# 7.2 Selecting Key Factors

A judicious choice of the financial variables to be represented with key factors can simplify the task of designing an inference procedure. Considerations are detailed below.

###### 7.2.1 Data availability

We seek a key vector for which there is historical data: {^{–}^{α}** r**, … ,

^{–2}

**,**

*r*^{–1}

**,**

*r*^{0}

**}. We also consider the quality of data that will be available. Issues include:**

*r*- frequency and nature of data errors;
- magnitude and nature of data biases;
- frequency of missing data;
- synchronicity of data;
- nature of prices (transaction, firm, indicative or settlement); and
- future availability of data.

###### 7.2.2 Stationarity and homoskedasticity

Time series modeling is facilitated if stochastic processes are covariance stationary and conditionally homoskedastic. We don’t require that key factors exhibit these properties. If they don’t, it is desirable that they be transformable into related risk factors that do. Given the nature of markets, conditional homoskedasticity may be unachievable.

We may reasonably insist that key factors not exhibit conditional heteroskedasticity that arises from structural causes. Two types of prices are susceptible to such structural conditional heteroskedasticity:

- prices of instruments that mature,
- prices of instruments that have optionality.

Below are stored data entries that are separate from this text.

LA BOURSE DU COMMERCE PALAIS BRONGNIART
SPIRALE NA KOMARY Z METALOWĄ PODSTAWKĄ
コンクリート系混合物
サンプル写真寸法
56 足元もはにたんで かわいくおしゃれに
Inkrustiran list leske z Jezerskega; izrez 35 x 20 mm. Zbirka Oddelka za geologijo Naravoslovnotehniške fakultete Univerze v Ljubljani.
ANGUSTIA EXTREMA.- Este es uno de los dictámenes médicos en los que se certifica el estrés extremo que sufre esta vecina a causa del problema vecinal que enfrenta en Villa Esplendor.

Bonds, futures, and options are examples of instruments that mature. As an instrument approaches maturity, its price behavior changes. The result is unconditional heteroskedasticity—and corresponding conditional heteroskedasticity. For example, a bond’s duration declines as it approaches maturity. This causes the standard deviation of its price to diminish.1 It also impacts the degree to which the price correlates with other financial variables. For this reason, we may model constant-maturity interest rates as key factors instead of bond prices.

Option prices experience structural conditional heteroskedasticity related to their nonlinearity. Exhibit 7.2 illustrates the price of a London Metals Exchange (LME) 3-month call option on copper as a function of the underlier price. Because of the “hockey stick” shape of the graph, we expect the option’s price to fluctuate more when it is in-the-money than when it is out-of-the-money. This is confirmed empirically with historical data in Exhibit 7.3.

In Exhibit 7.3, price data is provided for copper and a (constant maturity) 3-month call option on copper struck at USD 2250 per ton. In June 1996, the price of copper fell sharply. The conditional standard deviation of the option’s price diminished as the price of copper fell below the strike price. This is apparent in the option’s P&Ls.

Because of structural conditional heteroskedasticity, option prices are generally not modeled as key factors. If a portfolio holds options, underlier prices and implied volatilities are better behaved as key factors.

###### 7.2.3 Structural relationships

Risk factors are more than disparate random variables. They may exhibit complex relationships that need to be captured in how we characterize their joint probability distribution. Our choice of key factors may facilitate this. Suppose a portfolio is exposed to both the 3-month US Treasury rate and 3-month USD LIBOR. We might model both as key factors, treating each as lognormally distributed. Doing so would not preclude the Treasury rate exceeding the LIBOR rate. An alternative approach that avoids a negative Treasury-Eurodollar (TED) spread is to model the Treasury rate and the TED spread as key factors. Now, if each is lognormally distributed, the TED spread cannot become negative.

###### 7.2.4 Consistency over time

We seek consistency over time in both:

- our set of key factors, and
- the definitions of those key factors.

We don’t want to have to change our key factors to accommodate changes in the portfolio’s composition. Accordingly, we seek a general set of key factors that can remain the same as a portfolio’s composition changes.

We also prefer that definitions for key factors be as consistent as possible over time. Every data series is operationally defined by the specific operations by which it is gathered and/or calculated. Such operational procedures may change over time. The definitions of indices such as the S&P 500 or FT 100 change as specific issues are added or dropped. If a price series is constructed by averaging indicative quotes from five dealers, replacing one of the dealers with a new one represents a change in the operational definition of that risk factor, etc.